4. 当初の課題・挑戦動画制作は受託比率が高く、売上は“制作枠(人時)”で上限が決まりやすい一方、固定費(人件費+編集環境)と外注費が膨らむと利益が消える。A社では案件管理をスプレッドシート中心で運用していたため、①案件別の原価(外注・稼働工数)の入力が担当者裁量に依存し赤字案件の検知が遅れる、②請求・支払の突合が手作業で請求漏れ/二重計上リスクがある、③プロデューサーが“制作と管理”を兼務し、稼働が増えるほど管理工数も増える—という構造課題を抱えていた。 特に広告案件は、制作費のほかに媒体費・キャスティング費・スタジオ費など立替が生じ、回収(入金)までのサイトが長いと資金繰りリスクも増える。また、動画は修正が発生しやすく、仕様が曖昧なまま走ると“追加工数=利益の溶け”になる。A社は売上成長に比べて管理基盤の整備が遅れ、利益・品質・コンプライアンス(改ざん/漏れ)を同時に守る仕組みが必要になっていた。 もう一つの盲点は“見積と実績の乖離”で、広告運用では撮影後に追加パターン制作や縦横比違いなどの追加作業が発生しやすい。見積段階で単価・工数の前提が揃っていないと、追加分を請求できず、平均単価が下がる。また外部委託が増えるほど検収・支払確認が増え、制作以外の事務が膨らむため、成長のたびに採用が必要になる構造だった。
5. 取組み・成功のポイント効いた施策は「案件単位で、見積→工数→外注→請求→入金を“同一ID”でつなげて、数字の改ざん余地と確認作業を消す」こと。具体的には、①工数管理を案件WBSに合わせて標準化(撮影/編集/修正/納品/レポート)し、入力粒度を統一、②販売・請求プロセスをクラウド化して承認フローを固定化、③会計と連動させて“予算超過アラート”を設計、④外部クリエイター管理(発注〜検収〜支払)を台帳化して、制作プロデューサーの事務負担を分離した。運用面では、週次で「赤字予兆(工数超過/外注超過)」を見える化し、早期に仕様調整・追加見積を打つルールに落とし込んだ。 ここで重要なのは、ツール導入だけでなく、(a)原価の編集権限を制御し、(b)承認ログを残し、(c)案件の粒度を揃えることで、数字の一貫性を担保した点。さらに、制作現場に負担をかけないよう“入力は最小・可視化は最大”を設計思想にし、プロデューサーが見るべきKPI(工数超過・外注超過・請求未発行・入金遅延)をダッシュボード化した。 併せて、見積作成時点で“含まれる作業範囲”をテンプレ化し、追加依頼はオプションメニューとして再見積する運用に変更。これにより、受注率を落とさずに平均単価を守る(または上げる)ことが可能になる。最後に、入金管理を案件単位で追えるようにして、回収遅延の早期アラート→督促テンプレ→次回取引条件(前受け/分割)まで、回収KPIを運用に組み込んだ。

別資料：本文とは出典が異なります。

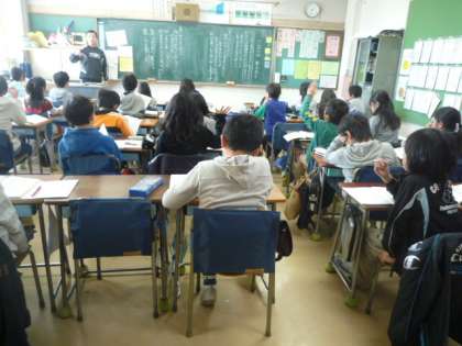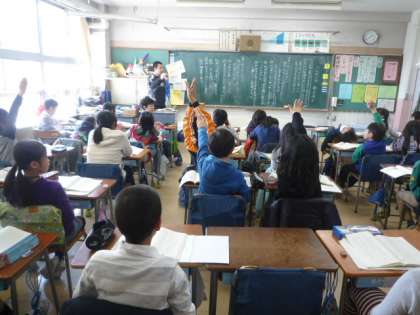 5時間目に、4年2組の国語「ごんぎつね」の授業を参観しました。単元の終末部分でしたが、ごんは兵十に見つけてほしかったのか、見つけられたくなかったのかを、文章を読んで根拠をもとに話し合いをする授業でした。子どもたちが及川先生の発問に、8分間くらい真剣に自分の考えを持つために教科書に線を引きながら考えていました。そのあとの意見交換では、たくさんの子が手を挙げて、自分の考えをしっかり発言していました。友達の考えに賛成、反対意見も出て、面白い話し合いが出来ていました。子どもたちの成長を強く感じたよい授業でした。

6. 成果・今後の展望(定性+定量)定性:案件別の原価と進捗が同じ画面で追えるようになり、“売上は伸びているのに利益が残らない”状態の原因が特定しやすくなった。定量:導入事例では、請求書チェックにかかる時間がゼロになった旨が示されている。目標例:赤字案件比率▲20〜40%、粗利率+1〜3pt、事務工数(分/件)▲20〜50%。 定性面では、プロデューサーが“制作の感覚”ではなく“数字”で追加提案や仕様調整を判断でき、受注後の炎上を抑制できる。目標例としては、平均単価+10〜20%(運用込みパッケージ化)、継続(更新)率+5〜10pt(運用レポートによる改善提案)が現実的な射程になる。 さらに、案件別に“勝ちパターン(利益が残る条件)”が蓄積されるため、営業段階で断る案件/伸ばす案件の判断が速くなる。結果として、稼働率(回転)を上げながら粗利を守る運用に移行できる。
7. 補助金・助成金の活用未活用
8. リンク先(出典)https://www.freee.co.jp/cases/onemedia/(導入事例:freee)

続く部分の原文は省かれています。